------ Exercise data ------
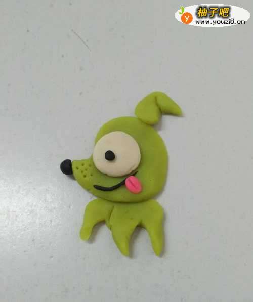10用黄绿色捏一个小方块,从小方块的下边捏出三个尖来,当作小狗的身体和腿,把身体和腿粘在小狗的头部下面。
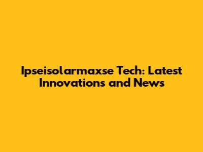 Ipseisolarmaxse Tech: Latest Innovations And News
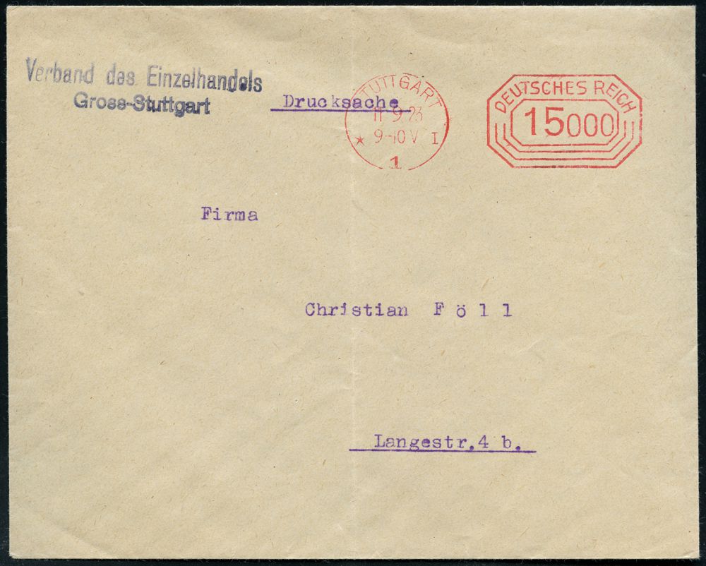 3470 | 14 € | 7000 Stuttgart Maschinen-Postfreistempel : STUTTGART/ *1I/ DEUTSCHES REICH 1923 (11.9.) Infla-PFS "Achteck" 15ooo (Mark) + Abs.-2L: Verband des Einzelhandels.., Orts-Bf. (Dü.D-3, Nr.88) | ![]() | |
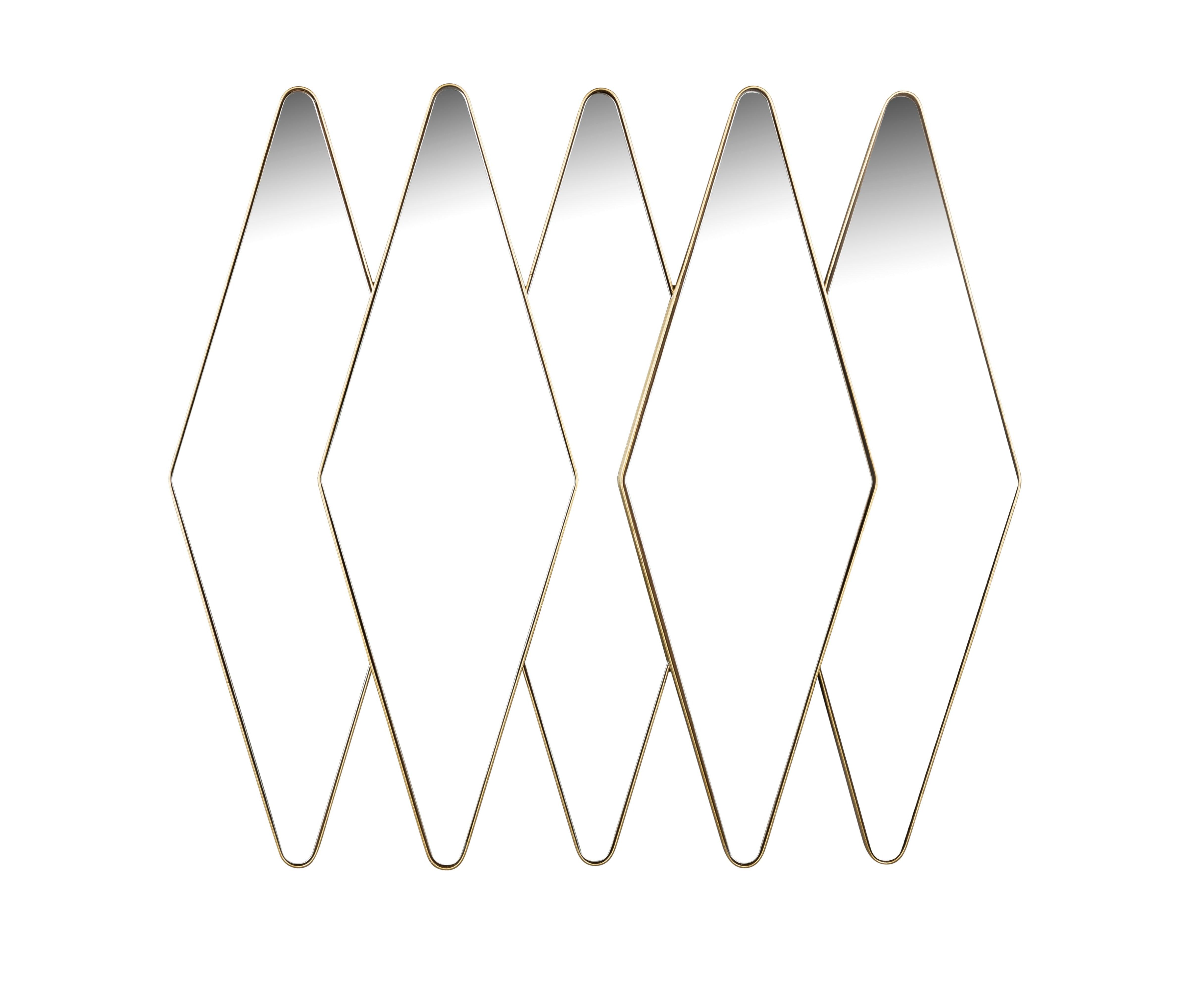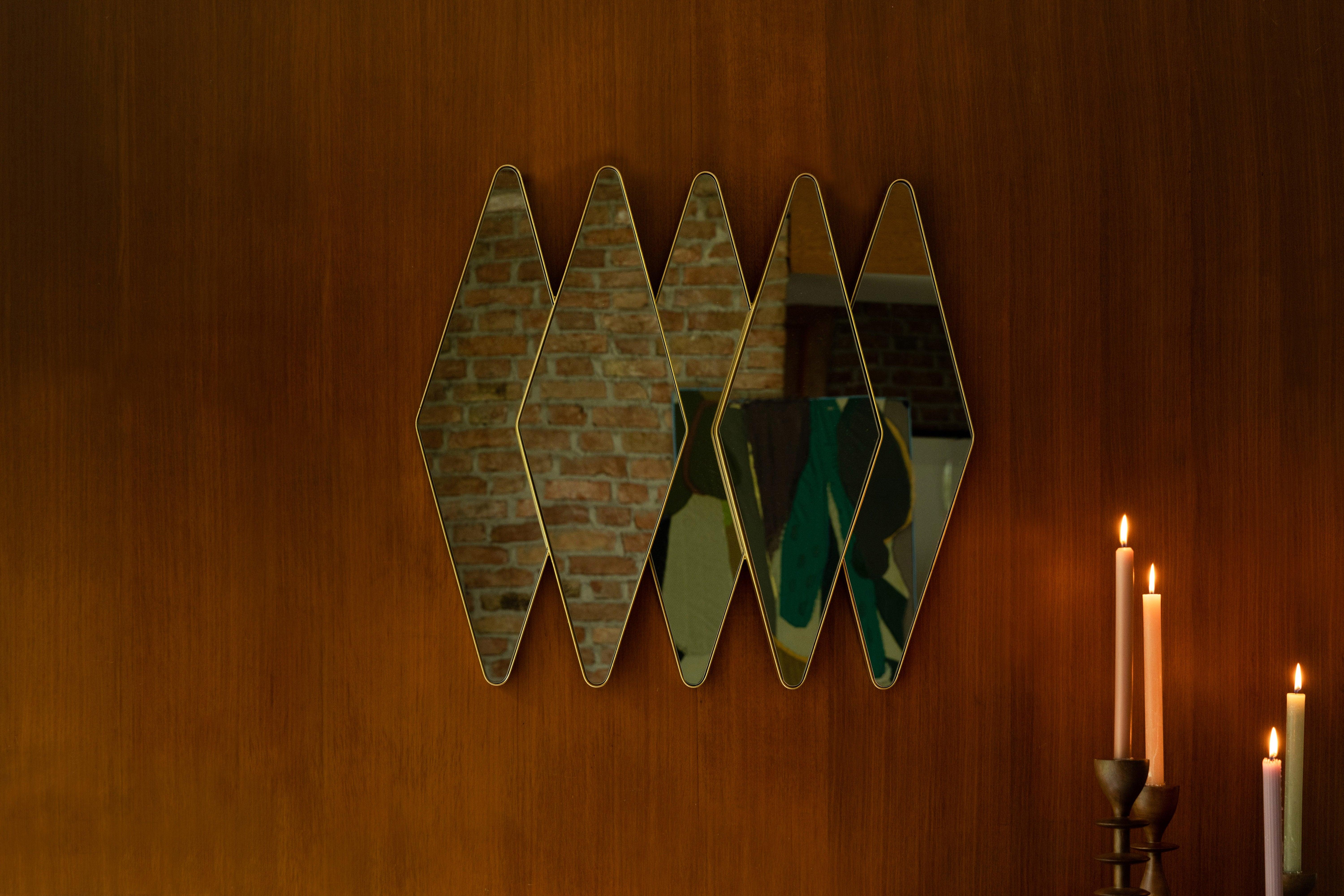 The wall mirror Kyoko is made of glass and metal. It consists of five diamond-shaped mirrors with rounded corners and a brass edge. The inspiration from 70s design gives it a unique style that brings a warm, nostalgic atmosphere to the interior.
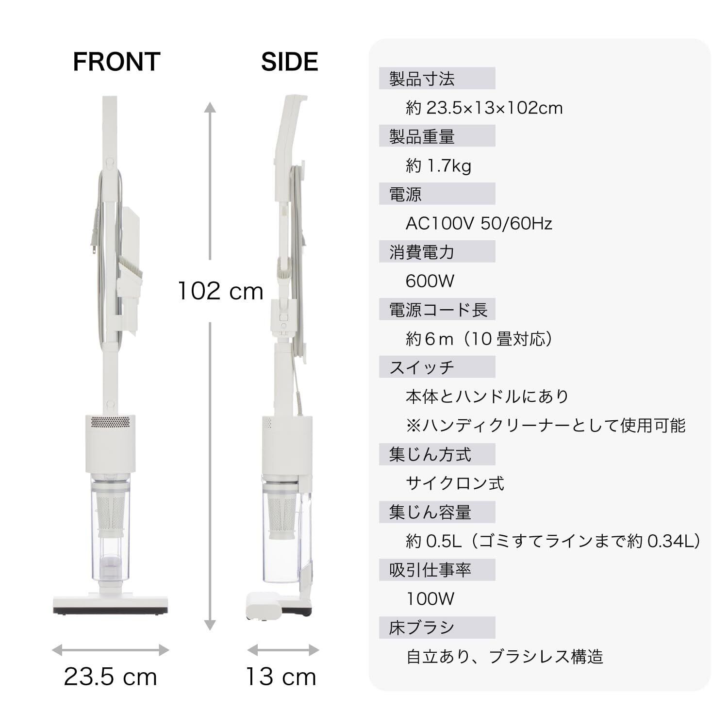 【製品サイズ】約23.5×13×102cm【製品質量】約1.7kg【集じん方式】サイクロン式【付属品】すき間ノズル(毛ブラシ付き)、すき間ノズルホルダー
------
------ Exercise data ------
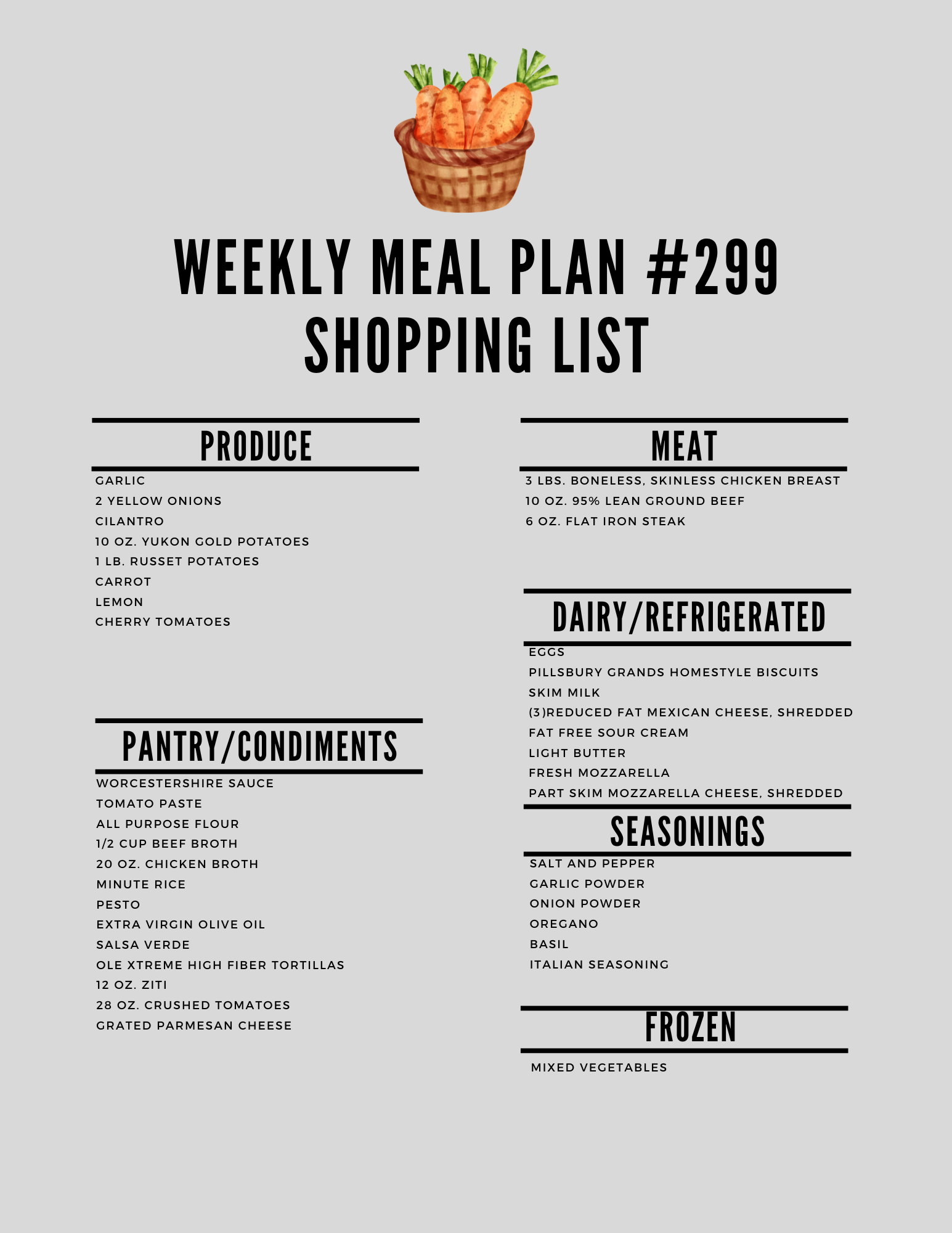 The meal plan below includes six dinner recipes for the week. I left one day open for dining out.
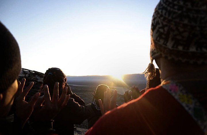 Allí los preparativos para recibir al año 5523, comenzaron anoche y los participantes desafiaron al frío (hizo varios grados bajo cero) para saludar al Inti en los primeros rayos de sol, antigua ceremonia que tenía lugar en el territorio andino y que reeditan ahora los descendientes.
------
------ Exercise data ------
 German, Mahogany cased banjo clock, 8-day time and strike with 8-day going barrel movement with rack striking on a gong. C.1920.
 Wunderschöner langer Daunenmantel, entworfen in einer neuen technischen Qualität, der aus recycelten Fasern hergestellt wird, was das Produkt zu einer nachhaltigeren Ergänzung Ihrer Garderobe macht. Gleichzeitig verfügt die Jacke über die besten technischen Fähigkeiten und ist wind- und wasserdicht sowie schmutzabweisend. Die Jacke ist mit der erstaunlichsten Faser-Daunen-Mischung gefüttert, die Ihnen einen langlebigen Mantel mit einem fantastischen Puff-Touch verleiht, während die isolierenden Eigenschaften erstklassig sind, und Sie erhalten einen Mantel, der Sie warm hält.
------
• **Task goal**:
Above, find the line with "10用黄绿色捏一个小方块,从"; copy it and every line down to the line with "3470 | 14 €", exactly and both included, but no pictures.

• **Result of this exercise**:
10用黄绿色捏一个小方块,从小方块的下边捏出三个尖来,当作小狗的身体和腿,把身体和腿粘在小狗的头部下面。
 Ipseisolarmaxse Tech: Latest Innovations And News
 3470 | 14 € | 7000 Stuttgart Maschinen-Postfreistempel : STUTTGART/ *1I/ DEUTSCHES REICH 1923 (11.9.) Infla-PFS "Achteck" 15ooo (Mark) + Abs.-2L: Verband des Einzelhandels.., Orts-Bf. (Dü.D-3, Nr.88) | ![]() | |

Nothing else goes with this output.